The equation of any plane passing through the intersection of these planes is

\([\vec r.(\hat i+\hat j+\hat k)-1]\) + \(λ\)\([\vec r.(2\hat i+3\hat j-\hat k)+4]\) \(= 0\)

\(\vec r.[(2λ+1)\hat i+(3λ+1)\hat j+(1-λ)\hat k]+(4λ+1)=0\)          ...(1)

Its direction ratios are (2λ+1), (3λ+1) and (1-λ).

The required plane is parallel to x-axis.

Therefore, its normal is perpendicular to x-axis.

The direction ratios of x-axis are 1, 0 and 0.

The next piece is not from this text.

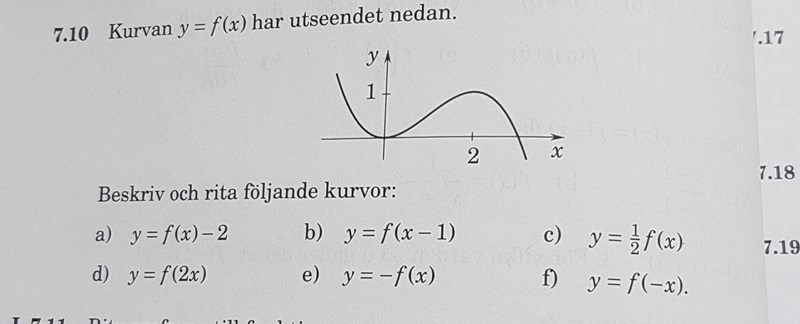 Jag har inga problem med a), c) och e) , men när värdet inom parantesen ändras hänger jag inte med på hur jag ska förklara och rita när jag inte vet vilken funktion det är ?

\(∴1.(2+λ+1)+0(3λ+1)+0(1-λ)=0\)

⇒ \(2λ+1=0 ⇒ λ=-\frac 12\)

Substituting, \(λ=-\frac 12\) in equation (1), we obtain

⇒\(\vec r.[-\frac 12\hat j+\frac 32\hat k]+(-3)=0\)

⇒\(\vec r.(\hat j-3\hat k)+6=0\)

Therefore, its cartesian equation is \(y-3z+6=0\)

This is the equation of the required plane.